In WKYC-TV, Inc., 359 NLRB No. 30 (2012) the Obama NLRB overturned Bethlehem Steel, 136 NLRB 1500 (1962), that for more than 50 years stated the rule that when a collective bargaining agreement expired the employer’s obligation to follow the agreement’s dues checkoff provision ceased. The Supreme Court’s decision in NLRB v. Noel Canning134 S. Ct. 2550 (2014), however, meant that the decision in WKYC-TV could not stand because, at the time of its decision, the NLRB included two members whose appointments were ultimately found to be constitutionally deficient under the recess clause of the United States Constitution. And, the WKYC-TV case then never came back to a constitutionally sufficient NLRB for rehearing.

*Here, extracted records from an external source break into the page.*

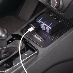 - Bluehive 12V 3-Socket with USB Port features a LED power indicator that displays power status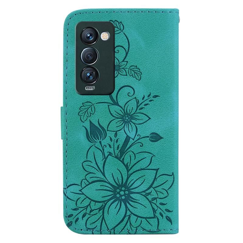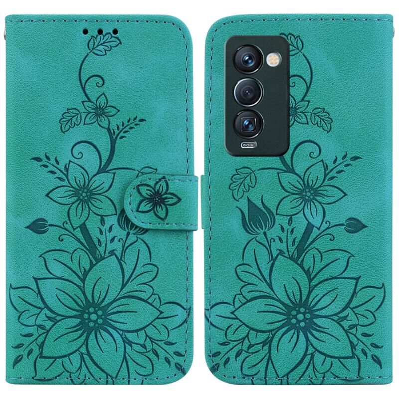 Θήκη τηλεφώνου από δέρμα με ανάγλυφο λουλουδιού Lily για Tecno Camon 18 Premier (Πράσινο)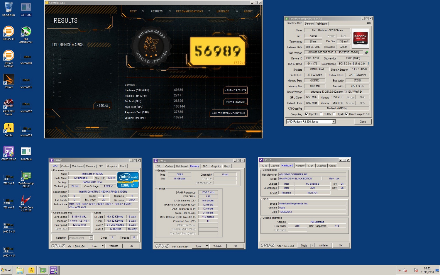 Графическая подсистема тестовой платформы была представлена видеоадаптером ASUS Radeon R9 290X DirectCU II в конфигурациях 2-way, 3-way и 4-way SLI, обеспечение оптимального температурного режима было возложено на испарители с жидким азотом.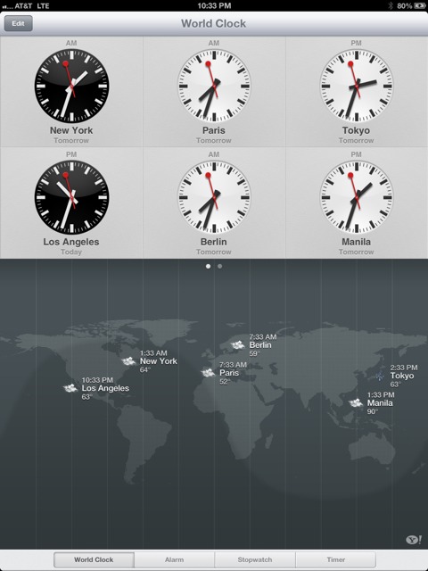 On iPad clock app temperature shows up along with time.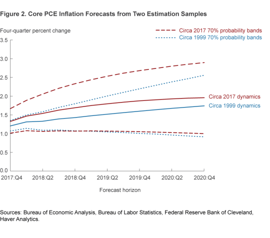Per svelare il mistero invece è stato costruito un modello che costruisce due set di dati di previsioni. La prima basata sul comportamento più recente dell’inflazione e del tasso di disoccupazione. Nel secondo set di dati invece si presume che l’inflazione sia governata dai fattori già visibili nei tardi anni ’90, quando sia la disoccupazione che l’inflazione erano basse, pure se ancora le dinamiche inflazionistiche non erano sensibili alle conseguenze della globalizzazione e della tecnologia (si pensi al commercio elettronico ai giorni nostri) come lo sono oggi. Sulla base di questi assunti sono state tratte delle previsioni per i prossimi tre anni.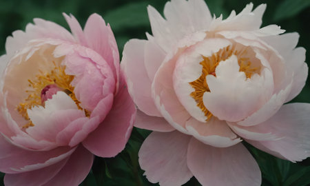 two pink peony flowers. Macro image of two big Bud lush pink peony flower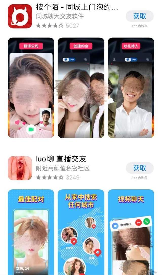 但却发现带有很强色情暗示的APP仍然可下载,如“luo聊”“按个陌”等↓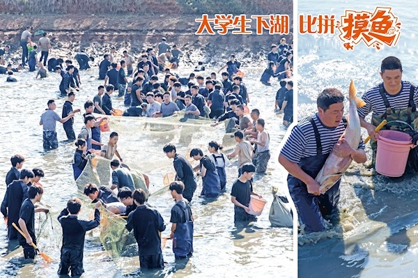 11月20日下午,在武昌职业学院第四届捕鱼节上,何邓江等600名学生被分成12支队伍,比拼“摸鱼技术”,现场一片欢腾。活动开始后,参赛学生们身着防水服,手持渔网,纷纷从岸边冲入池塘,参赛选手各显神通,用双手在淤泥和水草中搜寻肥鱼。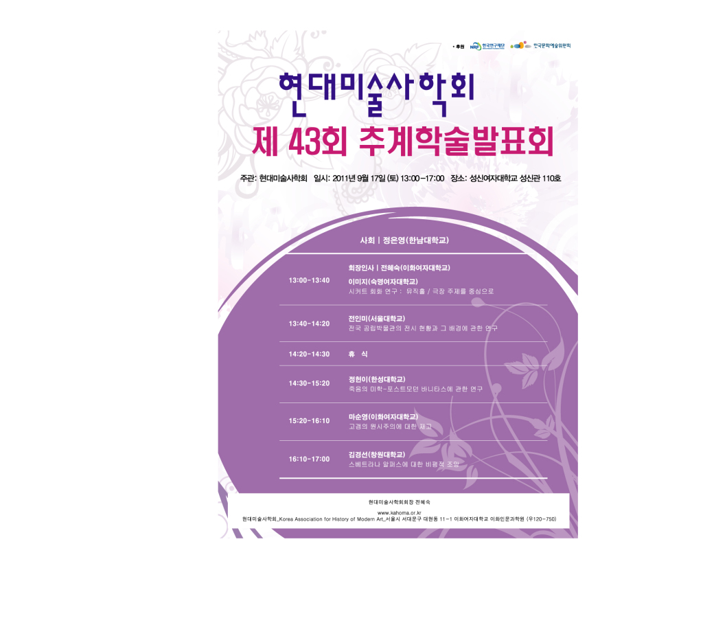 현대미술사학회에서는 제43회 추계학술발표회를 다음과 같이 개최합니다. 회원 여러분과 관심 있는 분들의 많은 참석을 바랍니다.
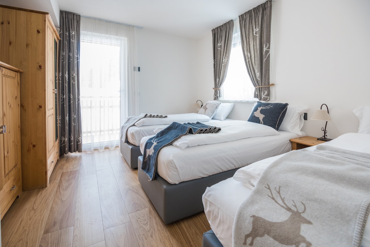 El apartamento "Antelao" de aproximadamente 100 metros cuadrados se encuentra en el primer piso de Villa Glauber y consta de tres dormitorios, una cocina con balcón y dos baños. El porche, por otro lado, gracias a sus comodidades, ofrece una maravillosa vista del jardín y el Nine Cime y, sobre todo, un ambiente relajante en todas las estaciones del año. Las estufas principales y las vistas al bosque lo hacen único.
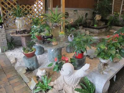 在古道園藝,隨處可見石雕、木雕和各色植物,曾總笑說,“我喜歡擺弄這些東西,不僅銷售還喜歡收藏,在我眼中,他們都是有生命的,有自己的獨(dú)特個(gè)性的,掌握了他們的特性,在設(shè)計(jì)中將他們最美的一面展示出來。”是的,從水景噴泉到植物搭配,從假山景石到木質(zhì)結(jié)構(gòu),從涼亭花架到風(fēng)水玄冥,曾總都有著自己的設(shè)計(jì)理念和施工經(jīng)驗(yàn)。“作為一個(gè)設(shè)計(jì)師,我不能說是‘八面玲瓏’,也可以說是‘面面俱到’了。”曾總笑道。一個(gè)好的設(shè)計(jì)師必須掌握植物、材料等各方面的知識,才能恰當(dāng)?shù)剡\(yùn)用到設(shè)計(jì)中去。一知半解只能造成材料和人力上的浪費(fèi),達(dá)不到理想中的設(shè)計(jì)效果。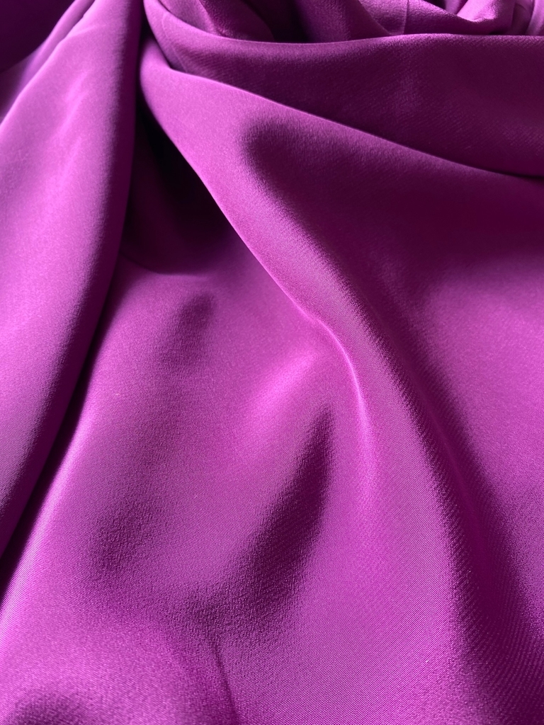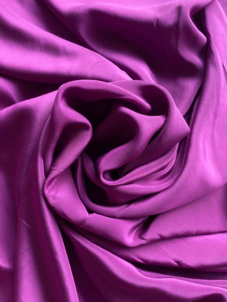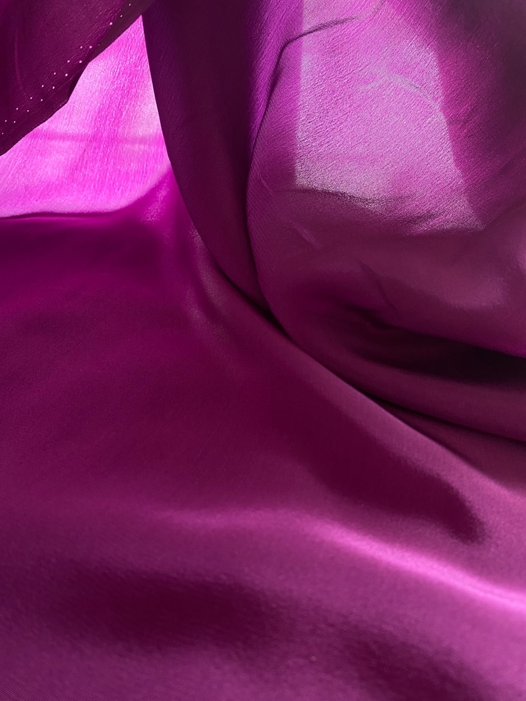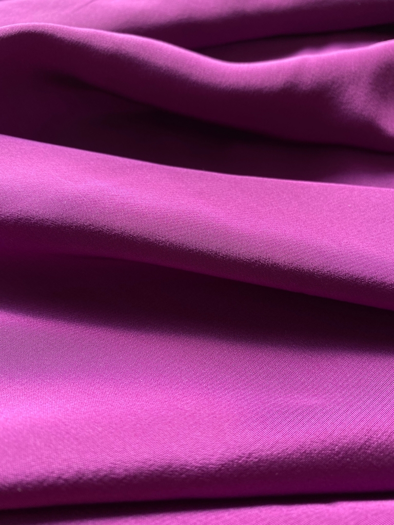 Tecido plano de seda tinto, cor puxada para um roxo claro meio acetinado, macio e leve, com bom caimento e baixa transparência considerando o tipo de tecido. Pode ser usado para blusas, vestidos, saias, camisas etc.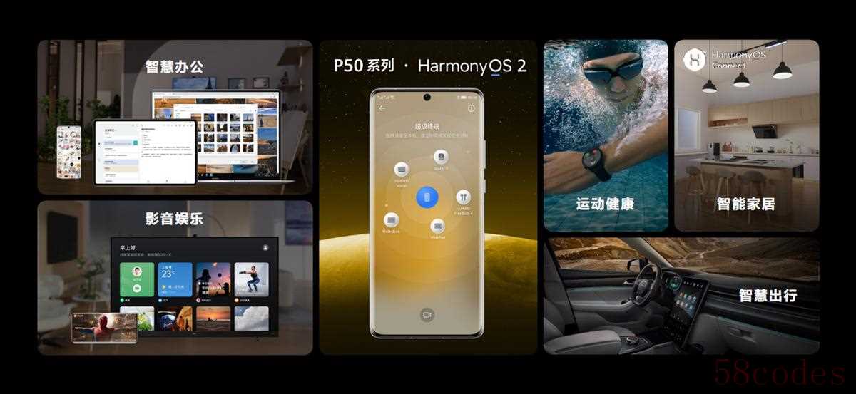 在HUAWEI P50系列控制中心的超级终端界面,手机图标位于中心位置,其它设备悬浮围绕在四周,只需按住设备图标向手机图标轻轻一拉,即可连接成功。例如办公环境下,将平板图标拉至手机,手机便与平板完成了协同。同时,手机通过无线方式作为PC的盘符,满足与PC的跨端访问。用手机播放视频时,将智慧屏图标拉至手机,视频便会投屏到智慧屏上播放。点击手表上的赛事提醒能直接在配对的手机上播放。轻轻一碰快速完成智能家居配网,让智能设备更聪明、更好用。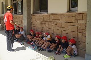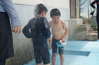 シャワーも冷たかったようです。先生も子どもに負けず、冷たそう。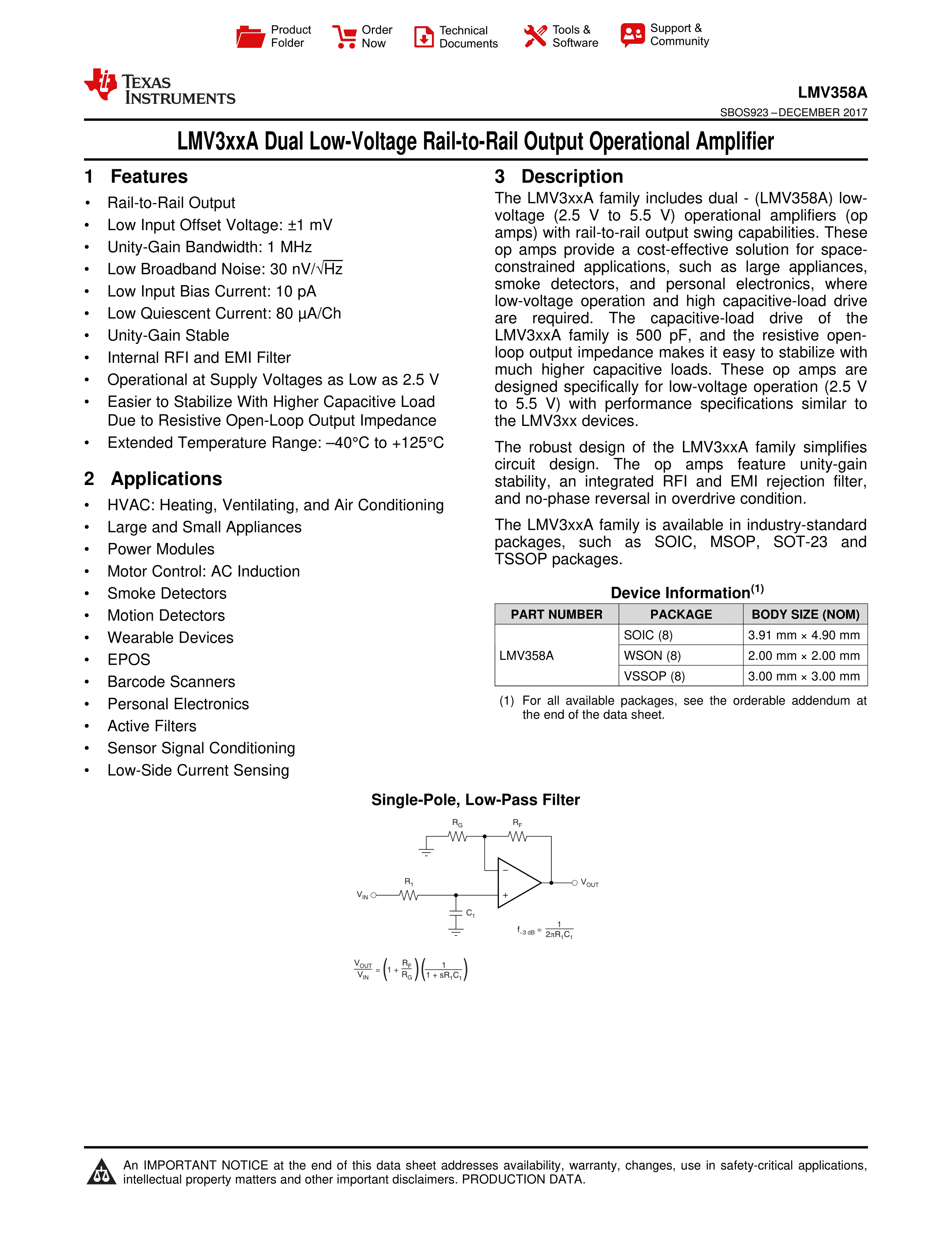 LMV358AIDR数据手册SOIC-8_150mil封装TI(德州仪器)PDF规格书,中英文下载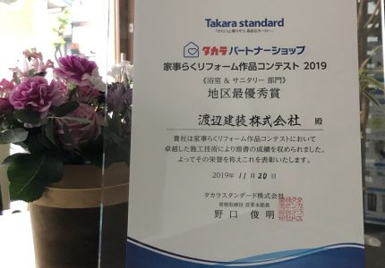 『家事らくリフォーム作品コンテスト 2019 』地区最優秀!…

The Obama NLRB has not, however, been deterred. Now in a later case presenting the same issue, Lincoln Lutheran of Racine, 262 NLRB No. 188 (2015), the NLRB has reached the same result reached in WKYC-TV.  The NLRB majority (there were two dissents) held that “…following contract expiration [employers] must continue to honor a dues-checkoff arrangement established in that contract until the parties have either reached a successor collective-bargaining agreement or a valid overall bargaining impasse permits unilateral action by the employer.” This new rule will only apply prospectively because the NLRB’s holding changes the long standing NLRB rule articulated in 1962 in Bethlehem Steel. The two dissenting NLRB members (Philip A Miscimarra and Harry I. Johnson) disagreed with the majority finding the change was neither justified by the NLRA nor the policy considerations relied upon by the majority. The minority board members also predicted that the new rule articulated in Lincoln Lutheran of Racine will, if anything, inject less stability into collective bargaining relationships and create new issues for the parties to such agreements. That of course remains to be seen, but what is not in dispute is the current Obama NLRB’s willingness to revisit and overturn well established precedents all in the name of an evolving (and more pro-union) labor landscape.